A sunspot seen in jaw-dropping detail by the Daniel K. Inouye Solar Telescope

By Phil Plait
A sunspot about the same size as Earth was observed by the Daniel K. Inouye Solar Telescope, revealing details as small as 20 km across. The image is about 16,000 km wide.

Late last year, the Sun began a new cycle of activity. It started slowly, but there were a handful of sunspots to be seen early in 2020.

Conveniently, the Daniel K. Inouye Solar Telescope (or DKIST) started operations right around that time. And when you take a 4-meter telescope on the top of the Haleakalā volcano on the island of Maui and point it at the Sun, you know you'll get amazing images of our nearest star*.

On January 28, 2020, a sunspot popped up on the solar surface, and DKIST took a look at it. To celebrate an overview paper being published about the observatory, they released an image of that sunspot that's just brain-melting:

A sunspot about the same size as Earth was observed by the Daniel K. Inouye Solar Telescope, revealing details as small as 20 km across. The image is about 16,000 km wide.

Ye, and may I add, gads.

That image shows an area of the Sun about 16,000 kilometers on a side. For comparison the Earth is about 13,000 km across, so it would fit neatly into the image. The resolution is ridiculously phenomenal; regions as small as 20 km on a side can be seen. That's a distance you could cover on a bike in an hour or two, assuming you don't vaporize.

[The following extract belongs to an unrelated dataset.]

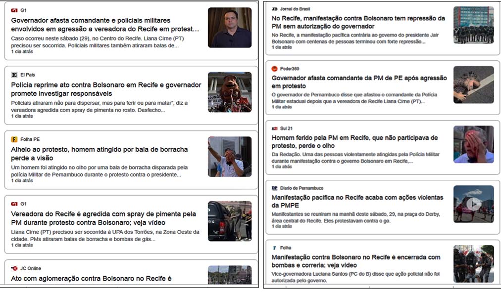 Matéria do portal G1 que diz que vereadora é agredida pela PM. Disponível em https://g1.globo.com/pe/pernambuco/noticia/2021/05/29/vereadora-do-recife-e-atingida-com-spray-de-pimenta-pela-pm-durante-protesto-contra-bolsonaro-veja-video.ghtml

This image isn't a snapshot. It used what's called speckle reconstruction. Earth's atmosphere is always roiling overhead, and small parcels of air act like lenses, bending incoming light this way and that. When you take a long exposure, that movement smears out images, reducing the resolution. There are various ways to compensate for that — like adaptive optics — and DKIST does use that, but they also take lots of extremely short exposures to freeze out the air movement.

Some parts of each image are blurred, so enough images are taken that eventually you get a clean shot of every piece of the image, and then you can reconstruct the entire image from the clean exposures. This is all done automatically many times per second, and the result is that DKIST's resulting resolution is about as good as you can theoretically get from a telescope of this size.

By the way, the sunspot imaged here was not the big one we had on the Sun last week, to be clear. That one was much larger than Earth.

Sunspots have two main regions: the dark umbra, and the lighter penumbra surrounding it. You can see that in the image above pretty clearly. There's a ton of structure in both that's difficult to see in most ground-based images, so DKIST will provide solar astronomers with lots of fun sharp data to analyze.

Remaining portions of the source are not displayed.